Iklan

/

Iklan

Jiwa yang Tenang

Redaksi Mimbar.News
Selasa, 30 Juni 2020, 11:20 WIB Last Updated 2020-09-13T13:12:30Z
Oleh: Indra Syarif (Pendidik)

"Tenangkanlah jiwamu dari urusan duniawi sebab apa yang telah dijanjikan Allah, janganlah kamu turut memikirkannya." (Syekh Ibnu Atha'illah As Sakandari, Telaga Ma'rifat, hal 20).

Ketenangan dalam hidup dirasa adalah sesuatu yang sangat berharga dalam hidup ini. Bayangkan, segala bentuk kemewahan tidak mampu menghadirkannya jikalau tidak disertai dengan keadaan jiwa yang tenang. Dalam masalah jiwa yang tenang ini, faktornya adalah seberapa kuat akses jiwa itu sendiri dengan Allah Swt. Ikhtiar mendekati Allah adalah proses yang menenangkan bagi siapapun yang melakukannya. Karena pada fase itu, ada kerinduan kepada Allah Swt yang menghadirkan keyakinan pada rahmat dan berkah Allah Swt, sisi inilah yang akan mewujudkan ketenangan itu.

Menurut Syekh Ibnu Atha'illah, kerisauan jiwa disebabkan karena permainan pikiran. Pikiran selalu was-was mengkhawatirkan apa yang akan terjadi di waktu mendatang. Zaman inipun semakin membawa pada kerisauan pada kebutuhan hidup, maka yang kita saksikan adalah tidak sedikit manusia lalu "berebutan" dengan cara yang salah dalam upaya memperoleh kebutuhan hidup. Sementara menurut beliau, orang-orang yang telah memiliki ketajaman mata hati akan berpegang pada firman Allah surah Ath-Thalaq ayat  3 sebagai mana artinya : "Sesungguhnya Allah melaksanakan urusan-Nya. Sungguh Allah telah mengadakan ketentuan bagi setiap sesuatu."
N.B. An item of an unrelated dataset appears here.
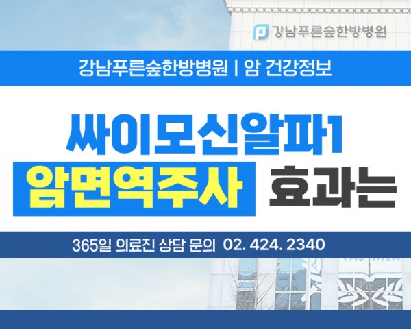 안녕하세요.강남푸른숲한방병원입니다.오늘은 암면역주사 중가장 많이 문의주시는싸이모신알파1에 대한내용을 준비해보았습니다.짧게 시간내어 읽어보시고암면역주사에 대해 알아보실 때도움이 되셨으면 좋겠습니다.입원 및 외래 진료 관련하여궁금하신 점 있으실 때에는언제든지 전화주시면,의료진이 직접 친절하 . . .

Hamba yang terpilih ditajamkan mata hatinya akan lebih memprioritaskan kewajibannya sebagai hamba beribadah kepada Allah Swt daripada selalu disibukkan "mengurusi" urusan Allah SWT. Sarana dan prasarana penghidupan semua makhluk akan ditanggung oleh Sang Khaliq Allah Swt.

Zaman ini, arah hidup menjadi sesuatu yang dominan berkiblat pada materialisme. Segala bentuk penghayatan manusia tidak lagi dipenuhi dengan orientasi luhur yang bersifat rohaniah, tetapi berambisi pada pemenuhan selera jasmaniahnya yang tak pernah puas. Selalu saja dalam kehidupan sosial jika ditelisik dengan cermat, akar masalahnya ada pada obsesi materialisme seseorang maupun sebuah komunitas tertentu. Bahkan pada sisi yang secara simbol merupakan perbuatan luhur (agama) diplesetkan mengarah pada obsesi rendah yang diurai sebelumnya (syahwat).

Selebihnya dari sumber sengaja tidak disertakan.